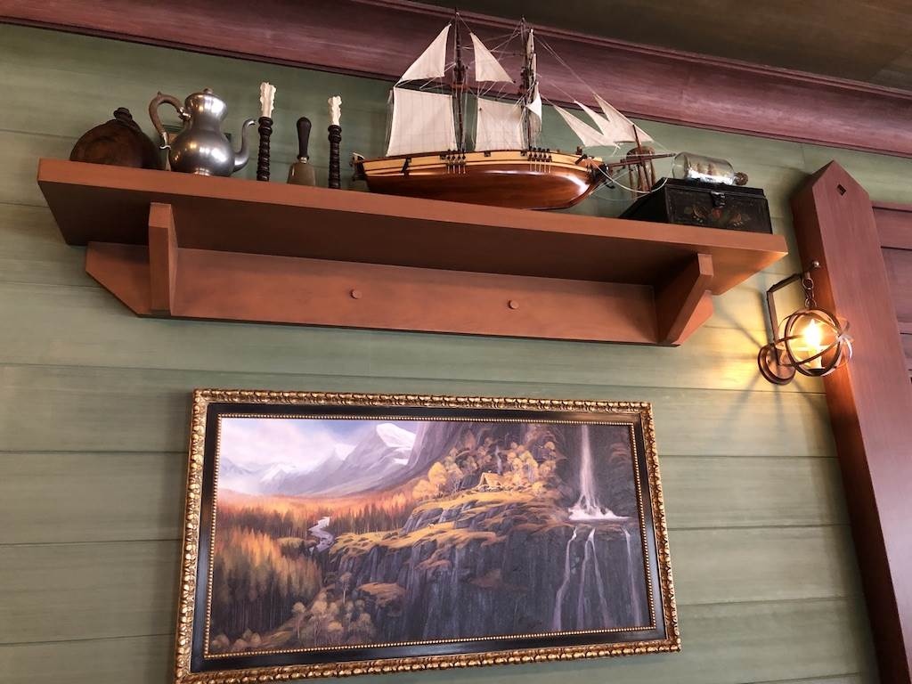 The decor in the restaurant includes a variety of interesting paintings showcasing ships, sea monsters, Arendelle, sailors like General Mattais, and dozens of nicknacks displayed on high shelves along the walls.
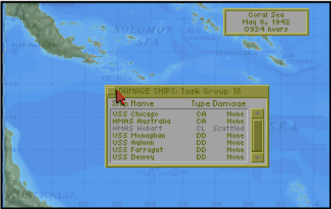 PAW also includes a strategic game where you can control the placement of squadrons on the map screen and if you wish you can even jump into any aircraft to take control of the action in that area. This part of PAW can be accessed by choosing the 'Carrier Battle' mode from the main menu. You choose to be a part of a carrier group in one of five theatres: Coral Sea, Midway, Eastern Solomons, Santa Cruz and Marianas.
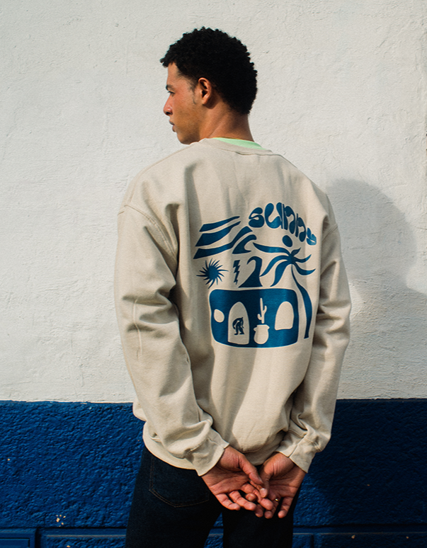 El buzo cuello redondo beige Bahía Morada cuenta con un estampado 100% hecho en la técnica artesanal de serigrafía. Queremos que esta prenda te transporte directamente a las relajantes vibras de una casa playera. Creada con inspiración en el espíritu costero, este buzo te envuelve en el fresco y sereno ambiente que genera la brisa marina y la tranquilidad.
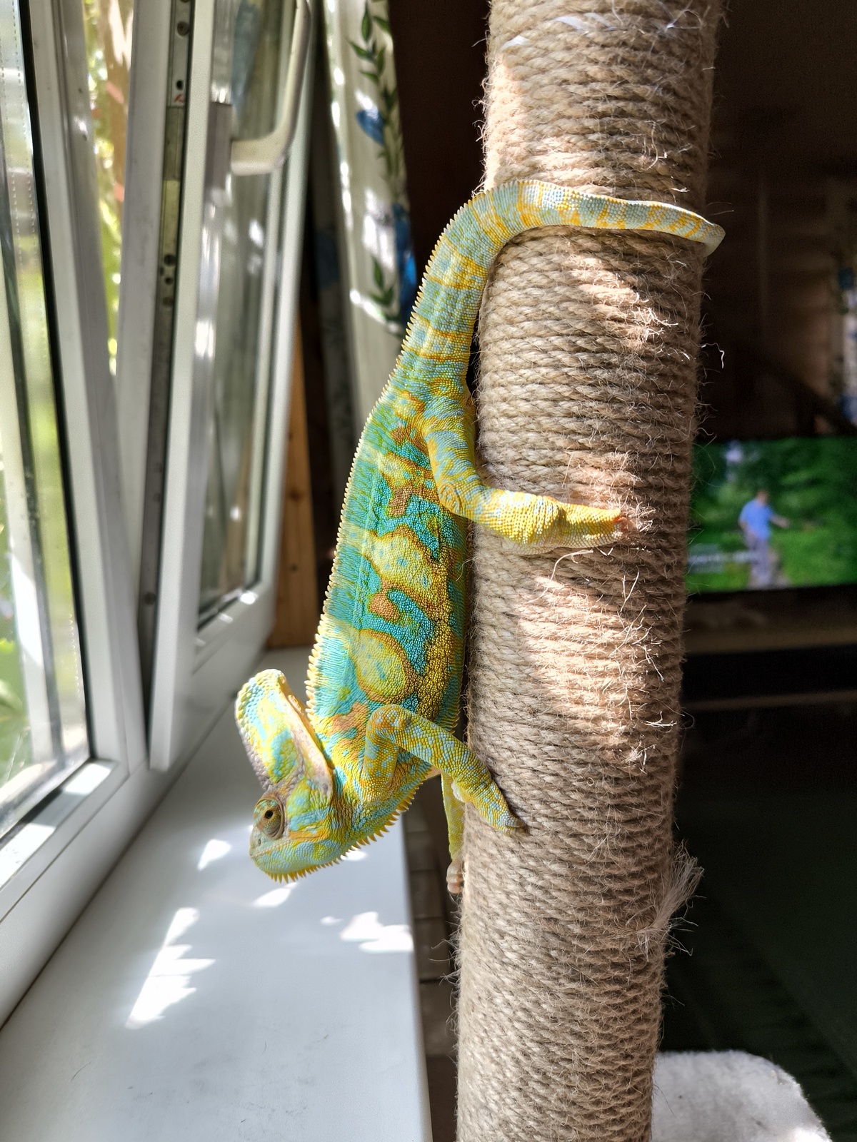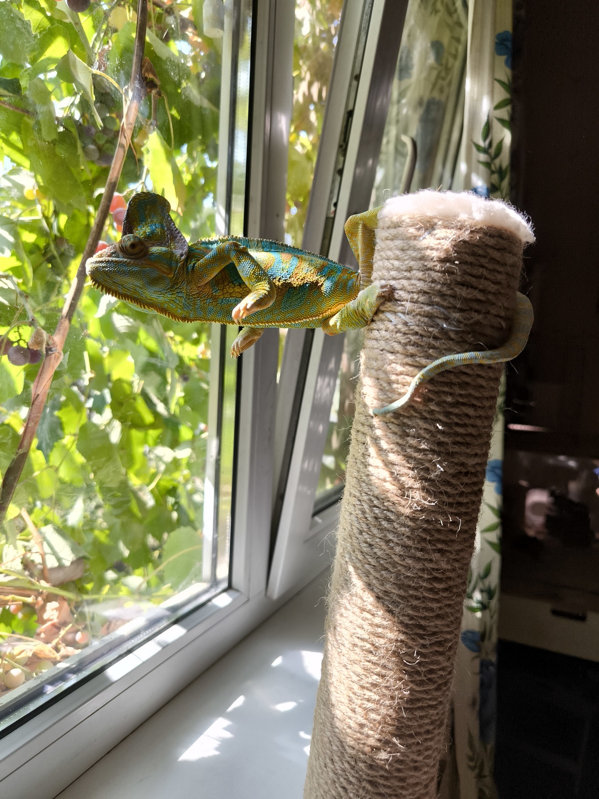 Время от времени мы выпускаем Васю погулять. Он лазает по канату, который протянут от террариума к окну. Любит висеть на карнизе и иногда там даже засыпает.

========

_What the task requires_
Repeat the data word for word, minus any pictures.

_Solution_
 The decor in the restaurant includes a variety of interesting paintings showcasing ships, sea monsters, Arendelle, sailors like General Mattais, and dozens of nicknacks displayed on high shelves along the walls.
 PAW also includes a strategic game where you can control the placement of squadrons on the map screen and if you wish you can even jump into any aircraft to take control of the action in that area. This part of PAW can be accessed by choosing the 'Carrier Battle' mode from the main menu. You choose to be a part of a carrier group in one of five theatres: Coral Sea, Midway, Eastern Solomons, Santa Cruz and Marianas.
 El buzo cuello redondo beige Bahía Morada cuenta con un estampado 100% hecho en la técnica artesanal de serigrafía. Queremos que esta prenda te transporte directamente a las relajantes vibras de una casa playera. Creada con inspiración en el espíritu costero, este buzo te envuelve en el fresco y sereno ambiente que genera la brisa marina y la tranquilidad.
 Время от времени мы выпускаем Васю погулять. Он лазает по канату, который протянут от террариума к окну. Любит висеть на карнизе и иногда там даже засыпает.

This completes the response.